#### [Work order]
Copy exactly, and only, the lines from the line containing "Kinder Jeansrock mit" through the last line of the records below, both included, and leave out any pictures.

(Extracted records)
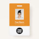 Easily personalise this Custom Employee Name Badge with Photo, Scan Qr Code (always readable, it works!) and business logo. A simple business design in modern tangerine orange and white colours fully customisable in front and back sizes, sans-serif basic and modern fonts and a professional and clear look. Avaiable with lanyard, metal clip or with retractable. No minimum order.
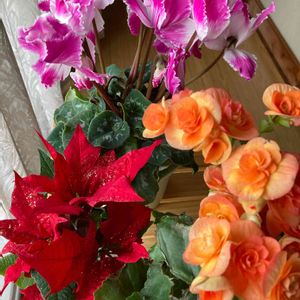 《クリスマス🎄&お正月🎍のお花》 ダンディ邸の玄関に華やかな花がやってきた🤗🌸🌼 ポインセチア🌸シクラメン🌼リーガースベゴニア🌸 一気に玄関が華やかになる🤗💕🍁☃️
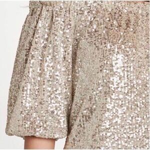 Get ready to make a statement with this stunning Venus off-the-shoulder dress. This dress is perfect for any holiday or NYE event. The golden sequined accents add a touch of glamour to the knee-length mini dress. The dress is designed with balloon sleeves and an off-the-shoulder neckline that adds a classic and elegant touch to the overall look. The dress is available in size small and is perfect for regular size types. The dress comes in a beautiful gold color that adds a warm and inviting feel to the overall look. The dress is perfect for women who want to make a statement and feel confident and stylish.
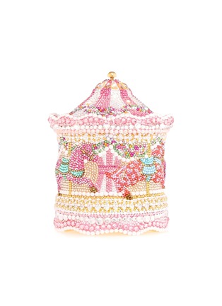 Enter a world of whimsical elegance with the Pink Ponies Carousel crystal clutch. Perfect for adding a bold statement in a soft palette, blending playful allure with sophisticated design. Pair it with a gown or sun dress and elevate your wardrobe with a fairytale-inspired feel.
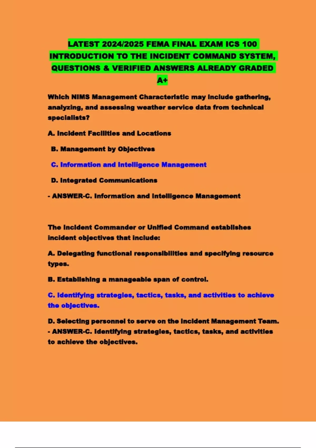 - ANSWER-D. Incident Objectives
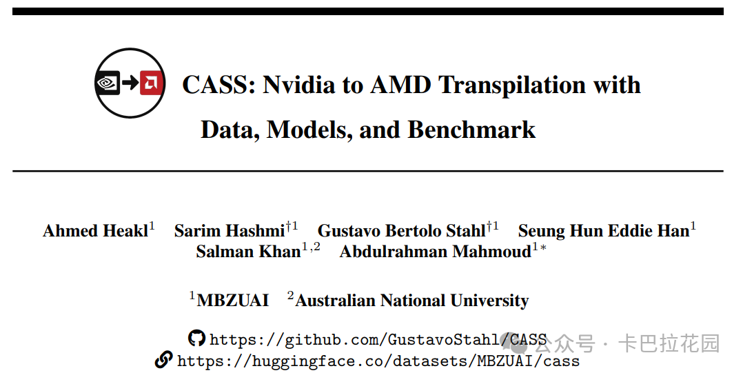 我们推出 CASS,这是首个用于跨架构 GPU 代码转换的大规模数据集和模型套件,目标是实现源级(CUDA ↔ HIP)和汇编级(英伟达 SASS ↔ AMD...
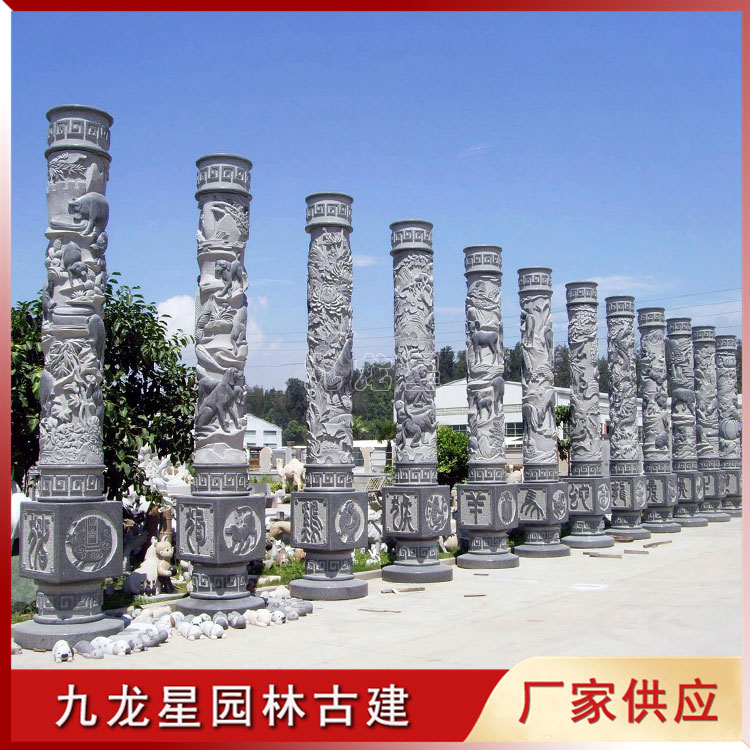 石材圓柱 十二生肖石雕文化柱 景區公園裝飾擺件
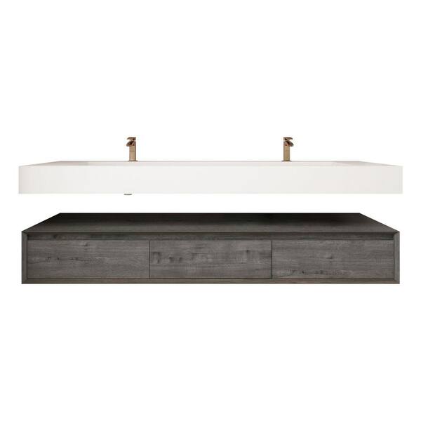 Alysa 71 in. W. x 20 in. D x 23 in. H Double Sink Floating Bath Vanity in Smoke Oak with White Acrylic Top
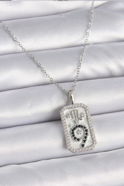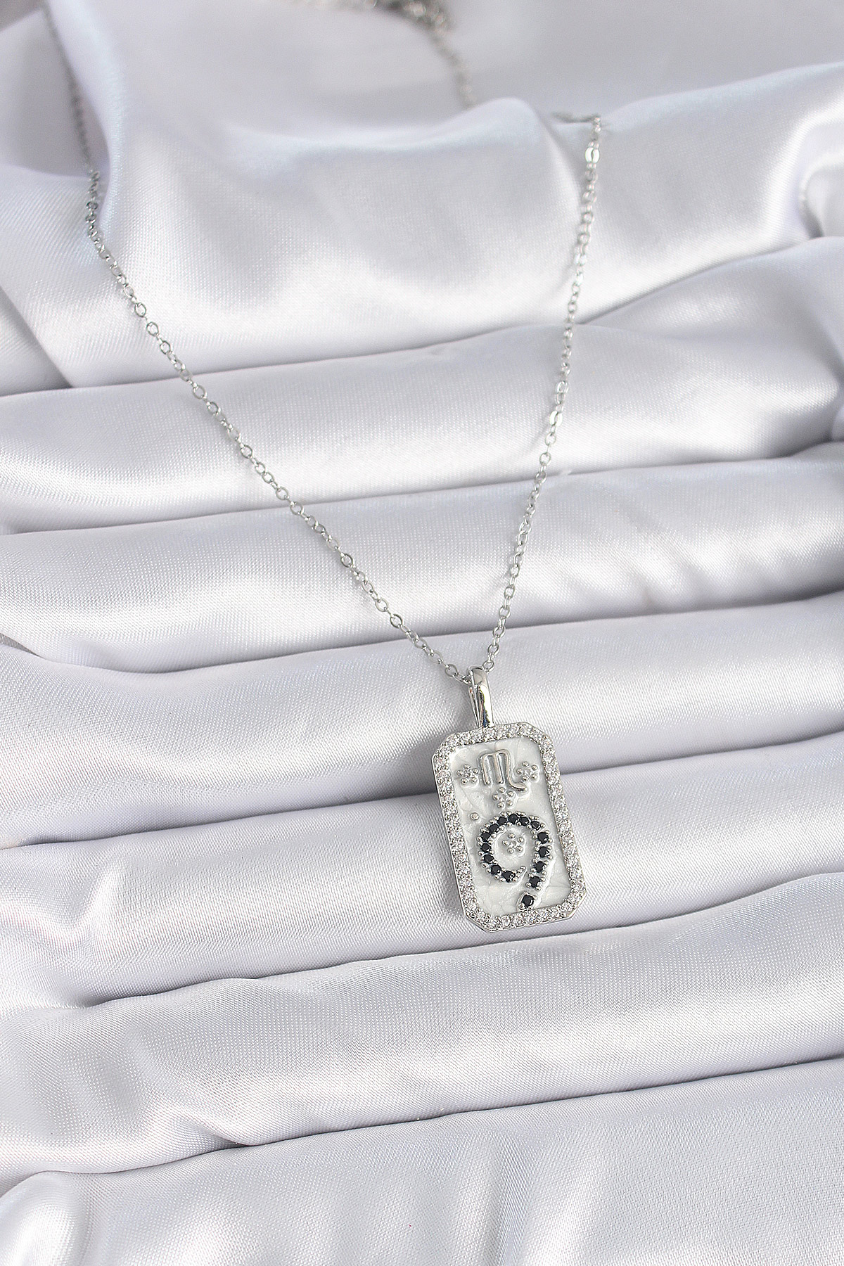 316L Çelik Gümüş Renk Zincir Akrep Burcu Zirkon Taşlı Kadın Kolye - 258636
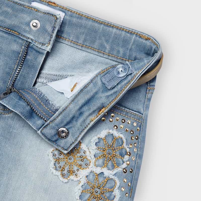 Kinder Jeansrock mit Gürtel, Strass und Stickerei für Mädchen von Mayoral aus der Mini Girl Frühjahr-Sommer Kollektion, Produktcode 3904, Farbe 37 Hellblau. Kinderbekleidung.
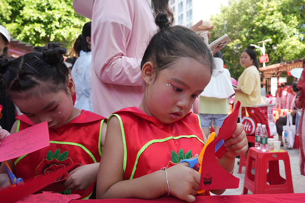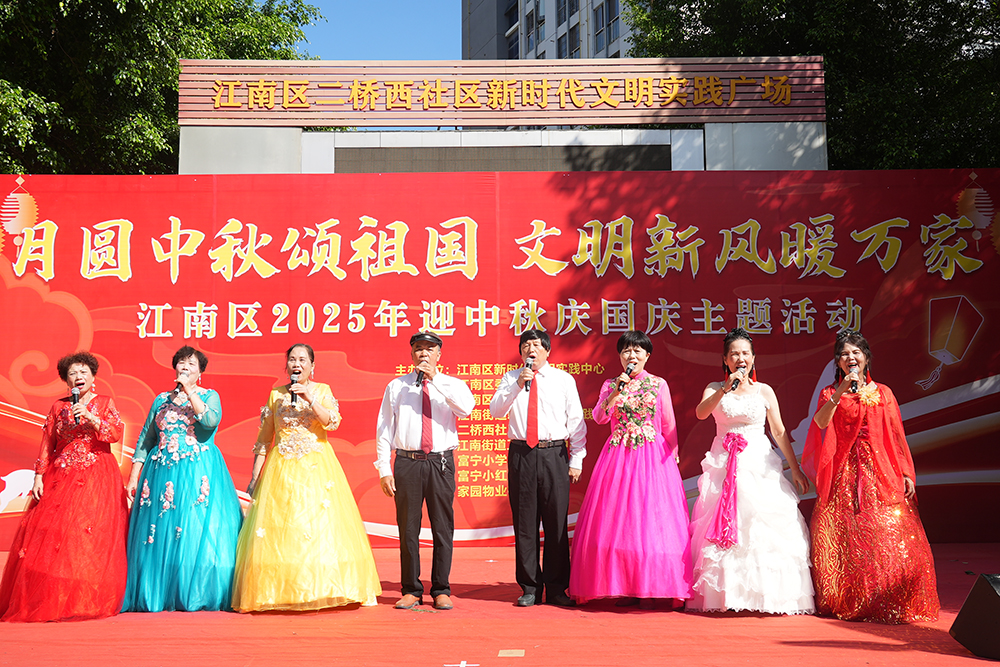 活动现场,民俗体验区香气四溢,南北特色月饼汇聚一堂,各族居民们边品尝边交流地域中秋习俗,在美食中串联起节日记忆。在中秋灯笼手工制作区,大人与孩子默契协作,裁剪、粘贴、书写祝福,亲手制成的灯笼挂满场地,将节日温馨氛围拉满。非遗展示区更是人气高涨,漆扇、剪纸传承人现场授课演示,居民们近距离触摸传统技艺的温度。文艺表演环节,民族舞蹈串烧尽显多民族艺术魅力,《我和我的祖国》《爱我中华》大合唱则点燃全场热情,群众自发跟唱,彰显了家国情怀的感召与共鸣。
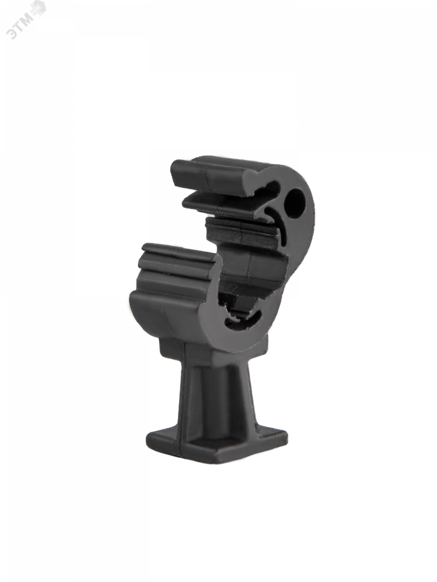 Пластиковый держатель предназначен для фиксации токоотвода диаметром 8…10 мм к кровле, фасаду здания. Монтаж токоотвода осуществляется путем защелкивания держателя. В основании держателя имеется отверстие для крепления при помощи самореза.
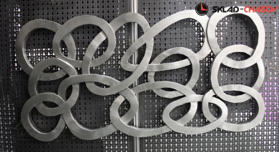 Панно Кольца можно подвешивать вертикально и горизонтально. Это обеспечивается крепёжными петлями на обратной стороне. Панно покрыто металлическим фактурным листом. Каждое панно сделано вручную. Размер: 530 х 1100 х 40 мм.

#### [Reply to the task]
 Kinder Jeansrock mit Gürtel, Strass und Stickerei für Mädchen von Mayoral aus der Mini Girl Frühjahr-Sommer Kollektion, Produktcode 3904, Farbe 37 Hellblau. Kinderbekleidung.
 活动现场,民俗体验区香气四溢,南北特色月饼汇聚一堂,各族居民们边品尝边交流地域中秋习俗,在美食中串联起节日记忆。在中秋灯笼手工制作区,大人与孩子默契协作,裁剪、粘贴、书写祝福,亲手制成的灯笼挂满场地,将节日温馨氛围拉满。非遗展示区更是人气高涨,漆扇、剪纸传承人现场授课演示,居民们近距离触摸传统技艺的温度。文艺表演环节,民族舞蹈串烧尽显多民族艺术魅力,《我和我的祖国》《爱我中华》大合唱则点燃全场热情,群众自发跟唱,彰显了家国情怀的感召与共鸣。
 Пластиковый держатель предназначен для фиксации токоотвода диаметром 8…10 мм к кровле, фасаду здания. Монтаж токоотвода осуществляется путем защелкивания держателя. В основании держателя имеется отверстие для крепления при помощи самореза.
 Панно Кольца можно подвешивать вертикально и горизонтально. Это обеспечивается крепёжными петлями на обратной стороне. Панно покрыто металлическим фактурным листом. Каждое панно сделано вручную. Размер: 530 х 1100 х 40 мм.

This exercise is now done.